* _Task brief_
Please restate the records that follow exactly, skipping their images.

* _Dataset extract_
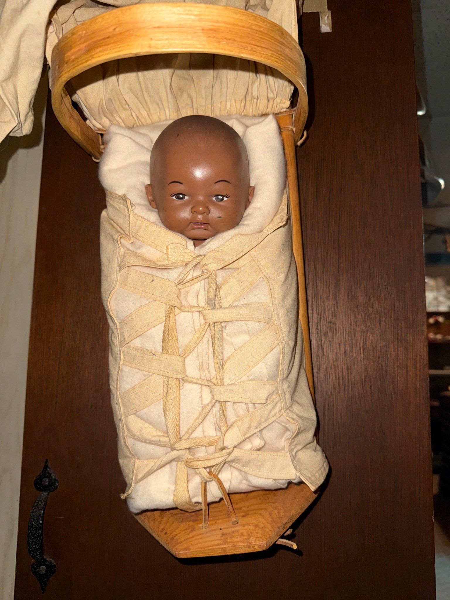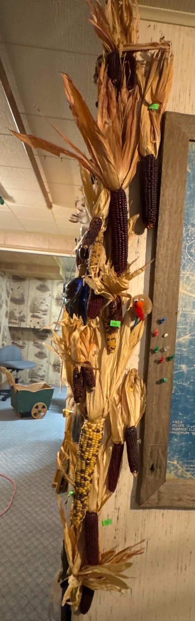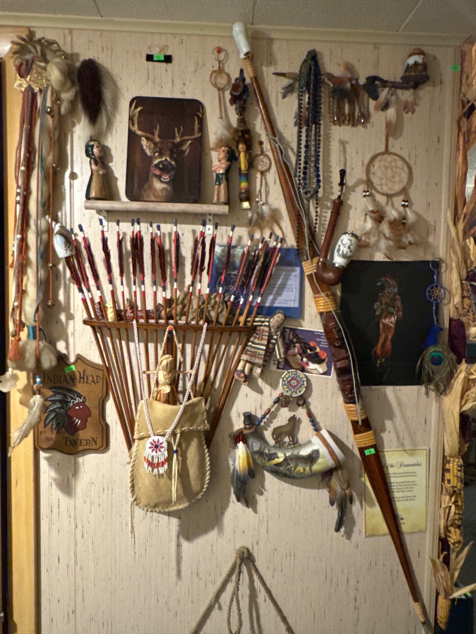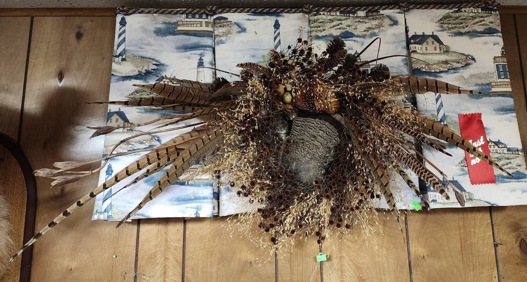 1869 Taxidermy Deer Antlers Mounted on Plaque with Feathered Mask
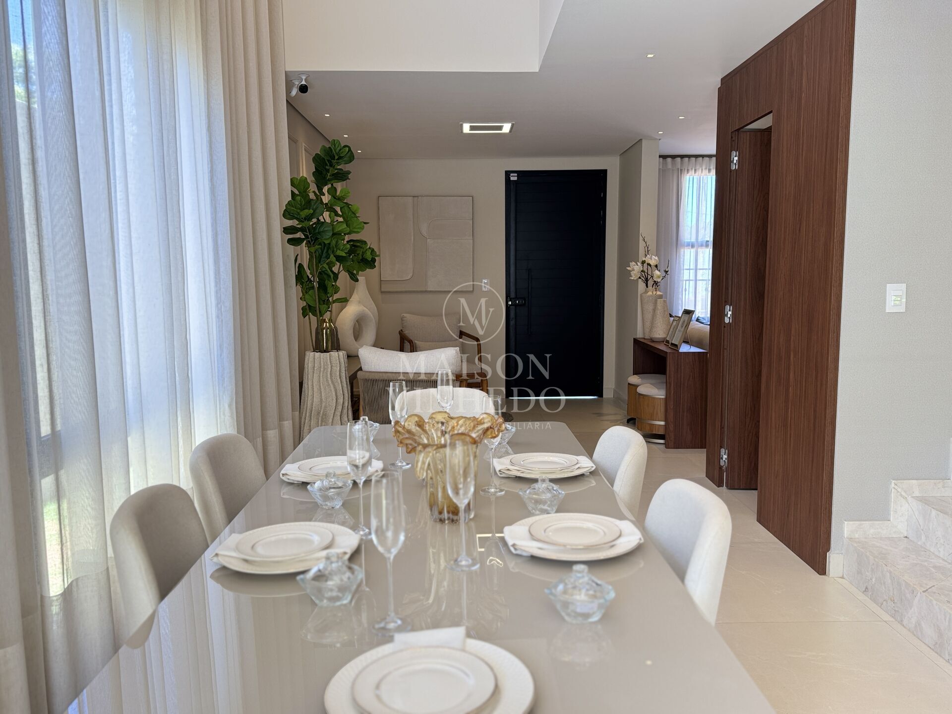 No pavimento térreo, os ambientes se integram de forma fluida e funcional. O living permite a composição de três espaços — estar, TV e jantar — formando uma área social ampla e acolhedora. A cozinha apresenta excelente potencial de integração com balcão ou bar, enquanto lavabo, lavanderia e espaço gourmet com churrasqueira e banheiro externo complementam a praticidade do dia a dia. A residência conta ainda com duas vagas de garagem.
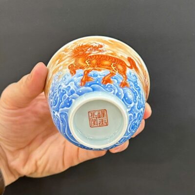 Đặt mua Chén chủ sứ cảnh đức phấn thái cao cấp vẽ tay kỳ lân uống trà ngon 120ml CS92
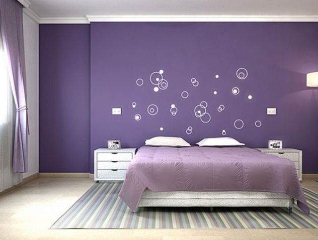 Sơn màu tím cho phòng ngủ và giấy dán tường
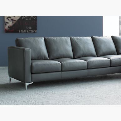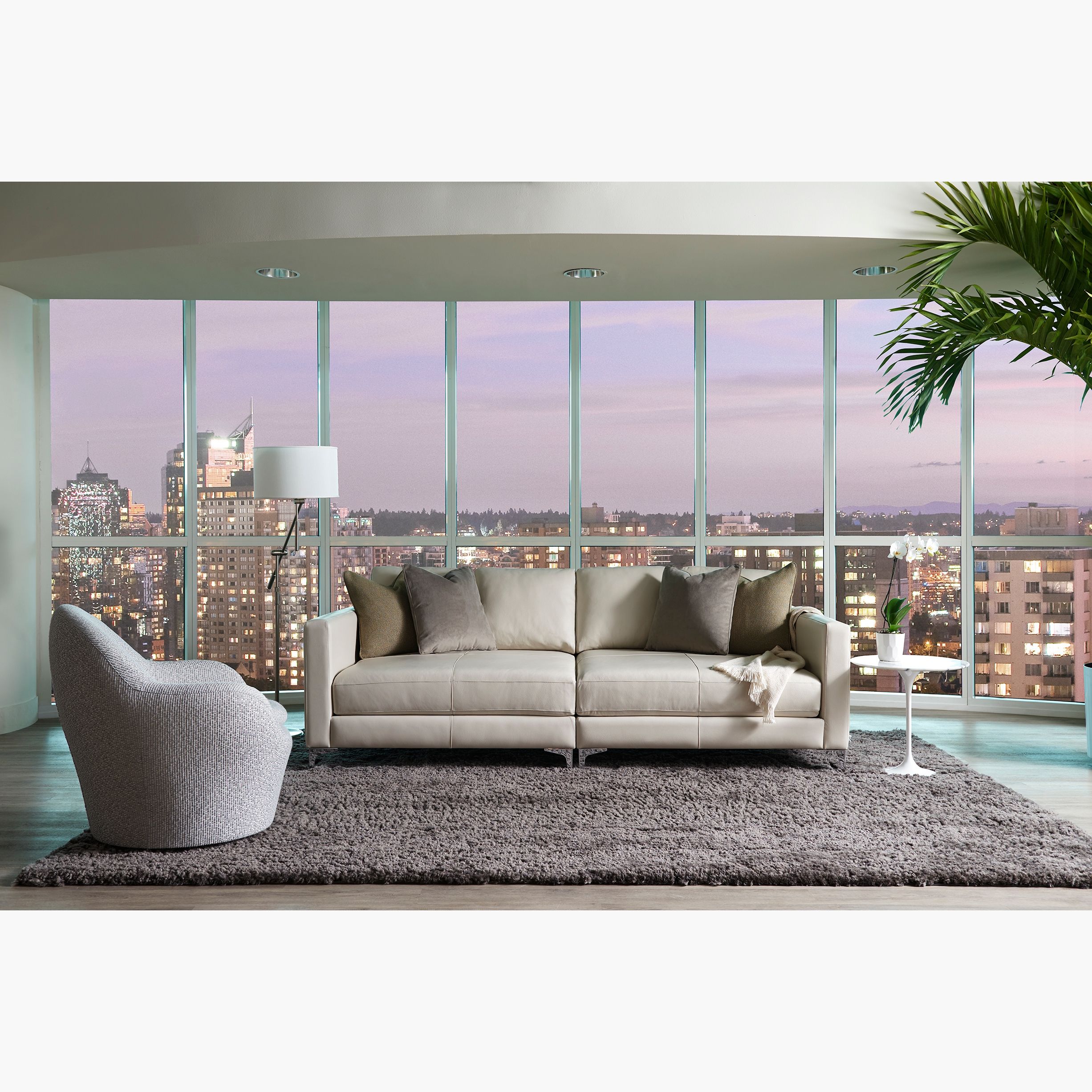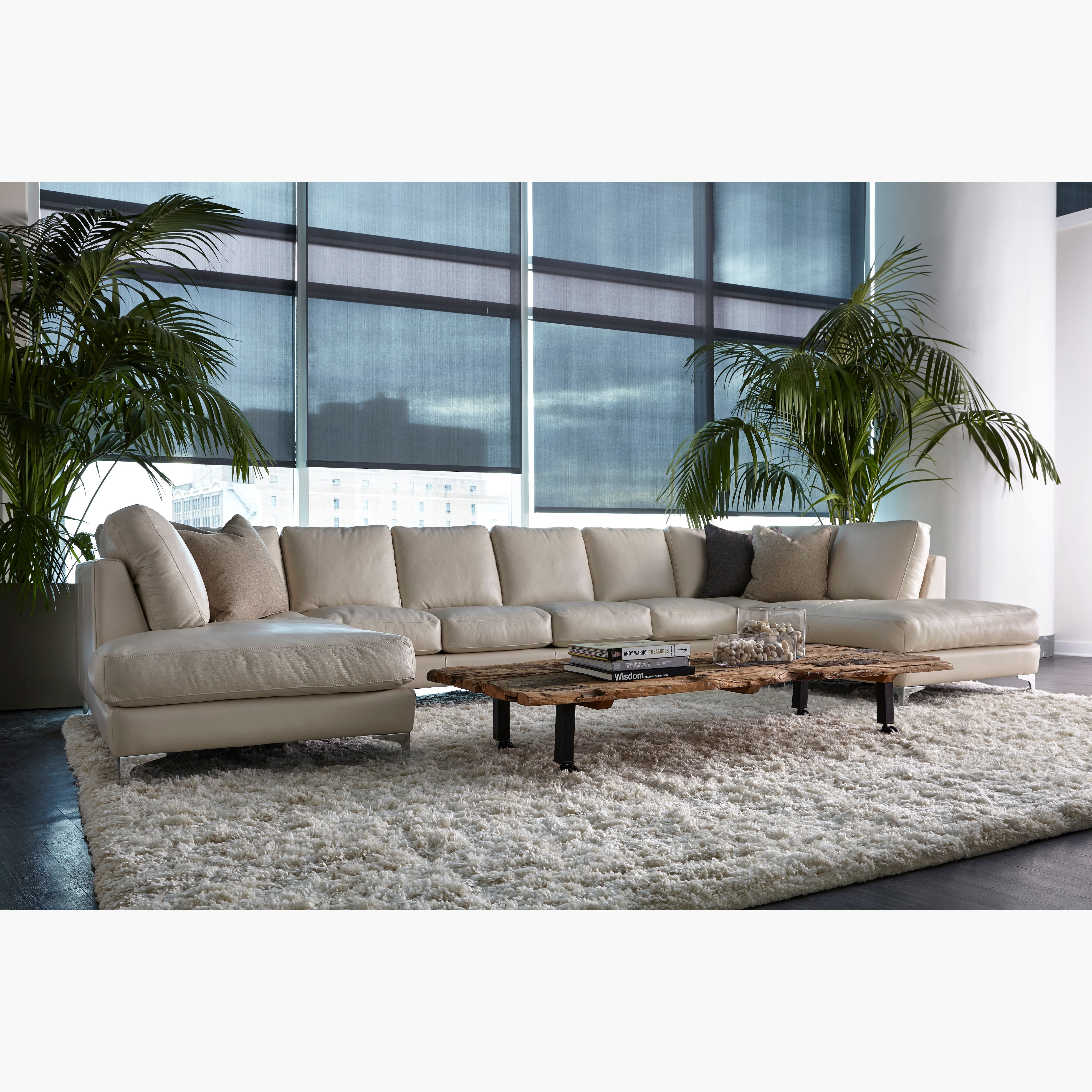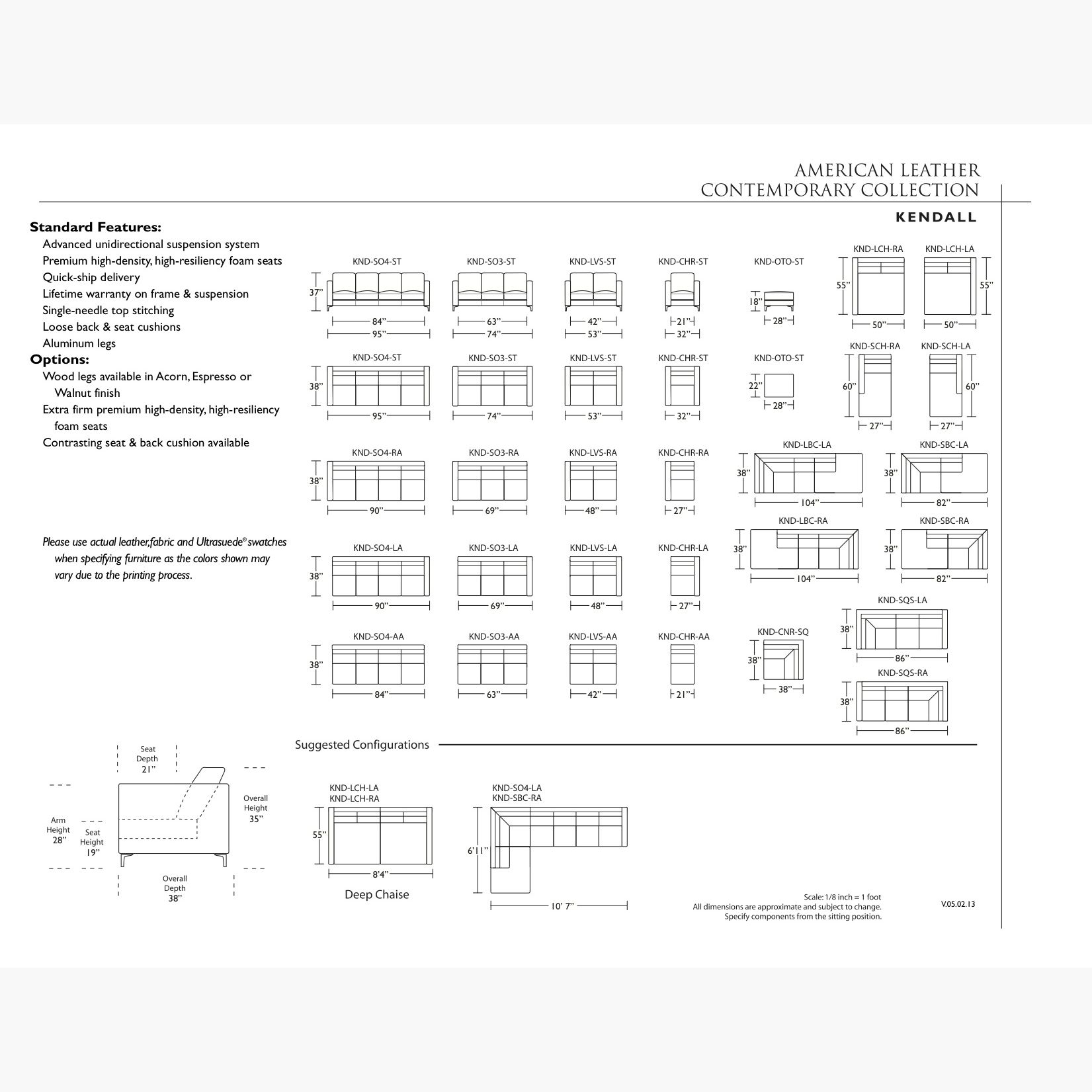 Creativity knows no bounds with the Kendall collection, a grouping with enough potential configurations to solve any decorating dilemma. Options include a four seat sofa, a double deep sofa, an armless version and more. Tailored lines foster still more versatility, along with contemporary design details such as high track arms and angled back cushions that rise above the frame. And for a designer look, contrasting seat and back cushions are available, not only in leather, but in an unexpected mix of leather and fabric.

* _Result_
 1869 Taxidermy Deer Antlers Mounted on Plaque with Feathered Mask
 No pavimento térreo, os ambientes se integram de forma fluida e funcional. O living permite a composição de três espaços — estar, TV e jantar — formando uma área social ampla e acolhedora. A cozinha apresenta excelente potencial de integração com balcão ou bar, enquanto lavabo, lavanderia e espaço gourmet com churrasqueira e banheiro externo complementam a praticidade do dia a dia. A residência conta ainda com duas vagas de garagem.
 Đặt mua Chén chủ sứ cảnh đức phấn thái cao cấp vẽ tay kỳ lân uống trà ngon 120ml CS92
 Sơn màu tím cho phòng ngủ và giấy dán tường
 Creativity knows no bounds with the Kendall collection, a grouping with enough potential configurations to solve any decorating dilemma. Options include a four seat sofa, a double deep sofa, an armless version and more. Tailored lines foster still more versatility, along with contemporary design details such as high track arms and angled back cushions that rise above the frame. And for a designer look, contrasting seat and back cushions are available, not only in leather, but in an unexpected mix of leather and fabric.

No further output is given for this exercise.